What she found interesting was the girl sitting next to Mary, close enough in resemblance to be the first teen's twin, who stared with oddly detached features into the double mirror of the Interview Room. Looking down at the papers in front of her for the first time, Catherine tried to put a name with the face.
Susej McClanahan, fifteen years old, was not, in fact, the twin of her sister Mary, who was three years her junior. Surprise, surprise, mused Catherine. Susej was the classic troubled teen, it appeared, with four suspensions from school in the past three years for fighting. Aggressive behavior ran rampant across the report. Catherine pushed it aside, waiting for the family to calm down.
Mary's papers were next, explaining an almost ideal child in a twelve-year-old. Apparently athletic, if one could tell by the various teams she played on each year, the youngster was a straight-A student. Her school transcripts showed glowing reports, but there was nothing to give the character of Mary.

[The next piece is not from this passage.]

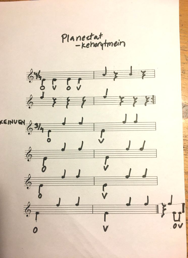 Erityisopettajaopintojen harjoittelussa olin pienryhmäeskarissa suorittamassa harjoittelua. Tammikuun teemana oli perinteisesti avaruus, jonka innoittamana otin planeetat mukaan musiikkituokioon. Planeettojen nimet muodostavatkin luonnostaan erilaisia nuottien aika-arvoja. Pluto ei enää nykyisin kuulu planeettojen joukkoon, mutta halusin kuitenkin säilyttää sen tässä rytmiharjoituksessa.

A dull life, Catherine decided, and she's just gotten her first shock.
The youngest child in the room was not Mary but the little boy Joseph, aged seven. With brightly sun highlighted hair, he was the closest any in the McClanahan family could come to being call towheaded. His report was also much like Susej's, filled with notes from teachers and principals about his tendency towards destructive behavior. At the moment, little Joey didn't look the least bit antagonistic: he looked scared.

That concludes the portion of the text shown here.